おやままさおの部屋

阿蘇の大自然の中でゆっくりのんびりセカンドライフ

歳は取りたくないなあ・・・

2009年12月08日 14時26分08秒 | 日記
私は読書人だという自負がある。先月は9冊読んだ。一時よりも量は減ったものの、やはり生活の一部になっている。教師として高校生に読書を勧める際に、こんな話をしてきた。
「小説家はある日、突然文章が書けるようになるものではなくて、長い間に読書で蓄えられてきた言葉、多種多様な人の生き様、事件、人それぞれの物事に対する捉え方、受ける感情、喜怒哀楽の表出の仕方、いろんな作家のプロット、筋立て・・・数多く読めば読むほど、意識深く沈潜し無意識世界に沈殿したものが長い時間を掛けて醸成され,そして醗酵してくる。

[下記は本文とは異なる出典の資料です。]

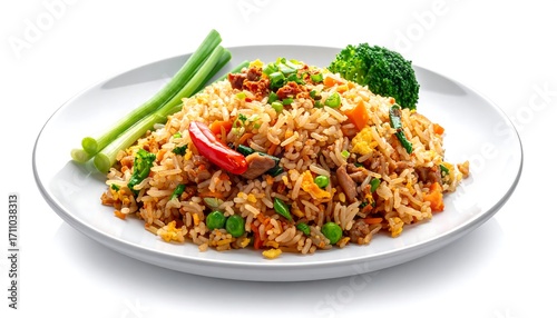 A plate of flavorful fried rice, piled high with vegetables, meat, and eggs, garnished with green onions and broccoli florets.

蓄えられた無数の言葉の群れが深層世界でぶつかり合い研ぎ澄まされたものだけが浮かび上がってくる。・・・」そんなことを時々喋ったりしたし、そう思い込んでもいた。ところがどうもそうではないような気がしてきたのだ。歳を取れば必ず肉体は衰えていく。これは神ではない人間の宿命である。肉体の衰えだけで精神は老いないのかというと、どうも老いていくように最近感じている。
老いても衰えを感じさせない凄い人もいるにはいる。概して政治家はその政治的な発言を聞いていると頭脳が少しも萎縮していないように感じるのだ。最近、TVのインタビューに応えてしゃべっていた吉野文六さん、元外務省アメリカ局長。日米の密約についての証言をしたのだが、その時の様子を見ると実に矍鑠としているし、記憶がしっかりしているだけでなく言葉にブレがない。91歳の人間とはとても思えない。キャリア官僚の秀才だろう。頭のいい人は特別なのか?
80の大台にのれば呆ける人が出てくるのに。そして私の場合、50も半ば過ぎて、どうも記憶力が弱体化し始めた。
昨日、悲しい出来事があった。久しぶりに古本屋ではない本屋に行った。棚から引き出すのではなくその下の台に置いている店のお薦めの作品(と思える)を手にとって二念なく買った。しかも上・下の文庫本。帰って
本を手の取って読み始めたのだが、すぐ疑念が沸いた。「あれ!これもしかしたら既に読んでいるのではないかー」慌てて書棚を探したがここ(南阿蘇)にはない、もしかしたら市内の家にあるのかも・・・どうもかすかに記憶がある。年を取ると無意識の下層に沈殿している「記憶」が下の方から腐敗して消えていくのではないか。本当に読みたいものを選んで、本物を読んでいけばいいのではないか。雑読、興味の範囲外の書物は読んでも仕方ないのではないかと思ったりしている。
目も衰えてきたので、月5ペースでゆっくり行こうーっと。